* **WORK TO BE COMPLETED**: Locate the line that contains "星野梦美是在无人都市中,废弃" in the entries below, then repeat it and every following line through the line that contains "Handcrafted from high", exactly, and no others.

* **RECORDS FOR THE EXERCISE**:
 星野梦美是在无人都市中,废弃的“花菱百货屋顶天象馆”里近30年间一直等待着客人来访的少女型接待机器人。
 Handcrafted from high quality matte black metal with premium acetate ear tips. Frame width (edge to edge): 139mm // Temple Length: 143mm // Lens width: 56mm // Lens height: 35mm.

==

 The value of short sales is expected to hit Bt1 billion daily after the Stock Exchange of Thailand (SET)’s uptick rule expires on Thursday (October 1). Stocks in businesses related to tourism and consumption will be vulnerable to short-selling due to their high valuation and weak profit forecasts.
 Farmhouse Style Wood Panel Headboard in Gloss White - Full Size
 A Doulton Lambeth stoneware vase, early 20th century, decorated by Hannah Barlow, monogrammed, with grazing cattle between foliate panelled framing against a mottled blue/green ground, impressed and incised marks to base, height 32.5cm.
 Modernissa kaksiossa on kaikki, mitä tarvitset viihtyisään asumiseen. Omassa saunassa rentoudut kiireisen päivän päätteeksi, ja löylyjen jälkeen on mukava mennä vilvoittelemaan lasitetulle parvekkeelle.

...

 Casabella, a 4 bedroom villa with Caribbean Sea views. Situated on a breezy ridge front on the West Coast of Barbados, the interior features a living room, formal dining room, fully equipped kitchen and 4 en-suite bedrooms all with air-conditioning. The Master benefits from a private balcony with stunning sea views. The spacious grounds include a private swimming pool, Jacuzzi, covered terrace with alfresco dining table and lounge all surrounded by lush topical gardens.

* **ANSWER SECTION**:
 星野梦美是在无人都市中,废弃的“花菱百货屋顶天象馆”里近30年间一直等待着客人来访的少女型接待机器人。
 Handcrafted from high quality matte black metal with premium acetate ear tips. Frame width (edge to edge): 139mm // Temple Length: 143mm // Lens width: 56mm // Lens height: 35mm.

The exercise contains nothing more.